Susan leaned forward to look out the window, which was flecked with streaks of rain. She couldn’t see much more than gray sky without undoing her belt and getting up to improve the angle, which she thought would be frowned upon by the crew chief and a bad idea anyway.
“Uh, we are seeing something unusual ahead, a localized drift of fog between us and the LZ, but we’ll clear it by a few hundred feet. We’re landing on the other side.”
“Go around, pilot!” snapped Merlin. “Viv! You sense anything?”
“Old One,” said Viv. She pointed down. “Southaw.”
The helicopter wasn’t changing course.
“Pilot, go around!”
“We’re well above it now, no prob—”
White blanketed the windows, thick as if cotton wool had been plastered on in an instant.
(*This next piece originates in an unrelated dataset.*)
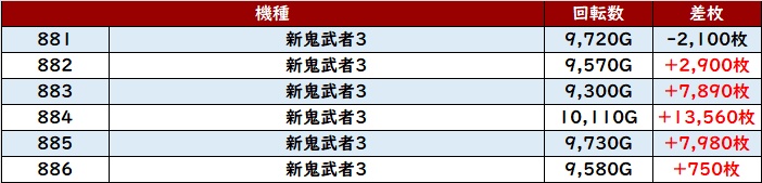 まずは「新鬼武者3 881~886」が強烈な出玉感で盛り上がりの筆頭に!

A few seconds later everyone jumped at the sound of a heavy impact, like a thrown brick hitting the side of a car, and then there was another, and another, sharp and loud even over the helicopter’s own noise.
There was confused and muffled talking through Susan’s headphones, then the pilot came on again clearly, her speech more clipped now, but without panic.
“Bird strike! We’re going down! Prepare to—”
The fog split apart as a bird smacked straight into the window opposite Susan, smearing it with blood and feathers. There were thuds and bashing noises all over the helicopter now. The engine noise changed, whining higher, and the rhythm of the rotors became uneven.
Merlin ripped off his headphones and tightened his seat belt, Susan copying his actions. She could feel Vivien doing the same thing behind her.
“Lean forward and clasp your knees!” shouted the crew chief, who was pulling her straps tight and crossing her arms to grip the upper straps, her thumbs along the belt.
There were more and more bird impacts, smacking into the helicopter like heavy hail. The windows were almost completely obscured in blood and feathers, and fog blurred whatever might have been seen through the gaps.